I am the employee that is also traumatised.
So, dear boss—here is what I wish you knew about me:
I am the employee who would have worked for you for a long time, participated in your office events, made friends, and produced excellent work for you. I am the employee who enjoyed having an income.
I know you need people who are reliable. I know you need people who do great work and make the office a nice place to be.
But here’s the thing: I’m not the only employee who is absent a lot. I’m not the only employee who is recovering from trauma, or who has been abused, raped, or exploited.
Having a job that we feel safe in, and supports us is important. It helps us to recover, and over time we become more engaged, more productive, and less absent. We need you as much as you need us. We want to work, to feel valued, and contribute to something bigger than ourselves. It helps us build our confidence back and keeps depression at bay, by forcing us to be social even if it’s just in the break room.
We are dedicated to our jobs, even if it doesn’t appear that way. We want to work. We need to work.
We might not be disabled in the traditional sense, but the psycho-emotional scars left behind from our experiences are just as detrimental. Our brains are physically wired differently.
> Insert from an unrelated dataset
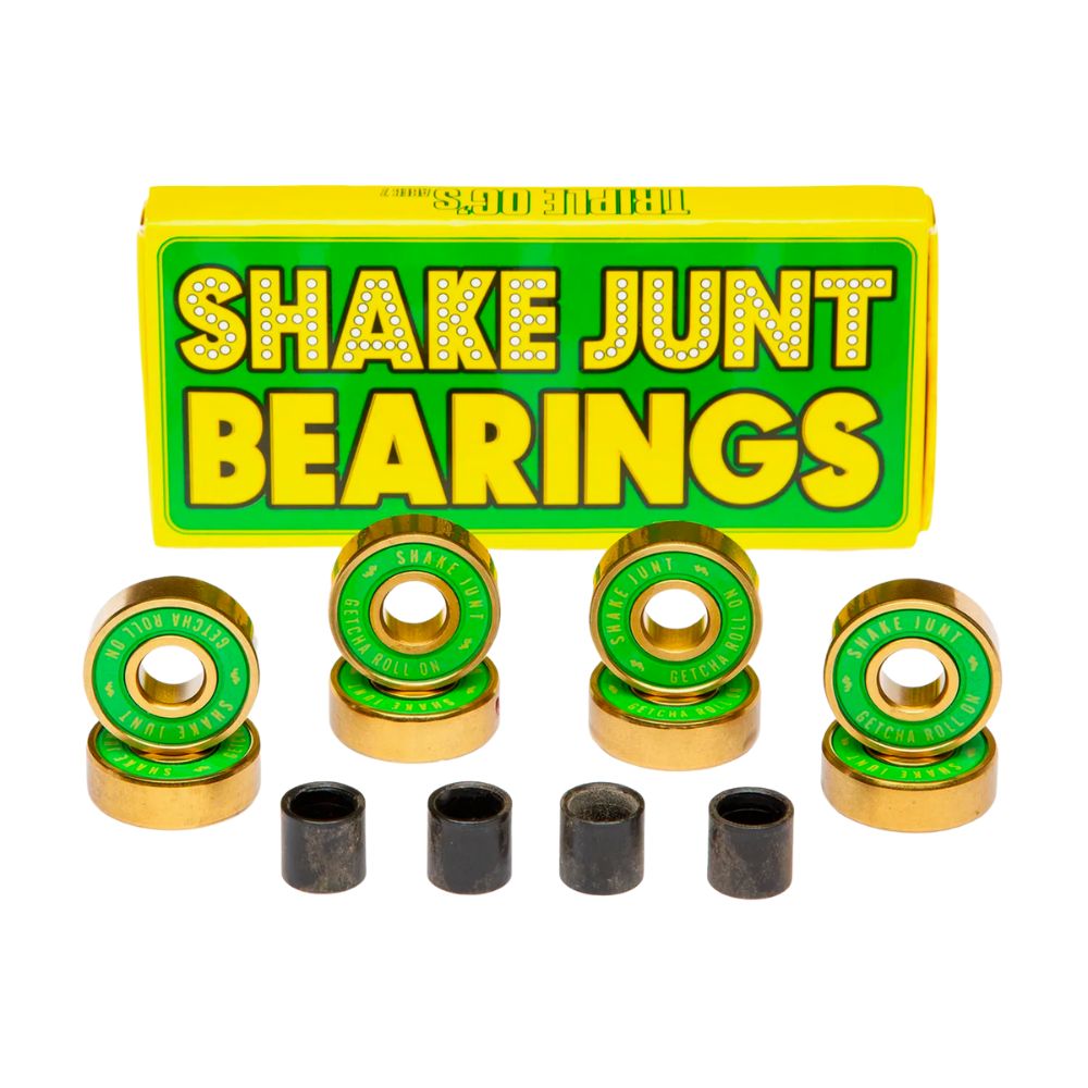Die Shake Junt Abec 7 Kugellager rollen sehr sanft. Sie wurden speziell von der amerikanischen Skatemarke Shake Junt entwickelt. Besser bekannt für ihre tollen Griptapes. Aber sie machen auch coole Lager. Diese Abec 7-Kugellager sind eine Stufe höher und leichtgängiger als ihre Abec 5-Variante. Hergestellt in Gold und Grün, absolut bombastisch.
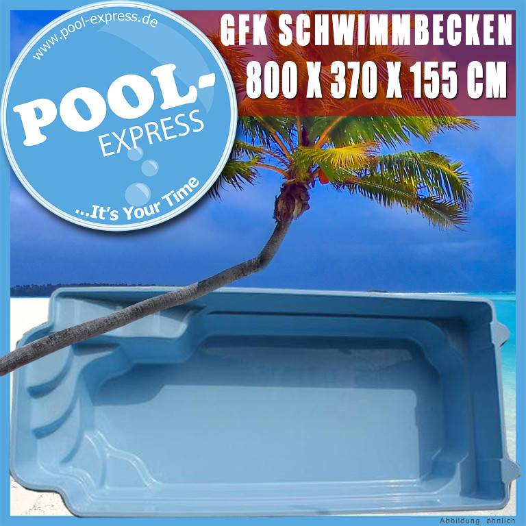 GFK Schwimmbecken 8.0 x 3.7 x 1,55 GFK Pool vollisoliert fertigpool einbaubecken

We are on edge all of the time, expecting to need to fight, run, or freeze at any moment, and it takes an enormous toll.
I am the employee who wished you would walk a day in my shoes, to know the hyper-vigilance, the anxiety, the flashbacks, the uncontrolled crying, and the normalcy work gives me.
Remember that one in three women are sexually traumatized. Think of the women you employ. We aren’t incapable, dumb, or lazy. We are terrified and ashamed. Work provides us a means to find value in ourselves again, and produce results for you.
So please, the next time an employee comes to you and confesses their deepest secret about why they aren’t present—take these suggestions into account:
>> Where possible, work flexibly with us rather than firing us or giving us warnings.
>> Know that we are not “just lazy” or “slacking off”—we’re dealing with horrific things.
>> Don’t create an environment where shame can thrive and grow—we have enough of that already.
>> Educate yourself on trauma-informed workplaces.
Every employee who has lost their job, was forced to tell their story to people they didn’t want to, and was made to feel ashamed of themselves in the workplace.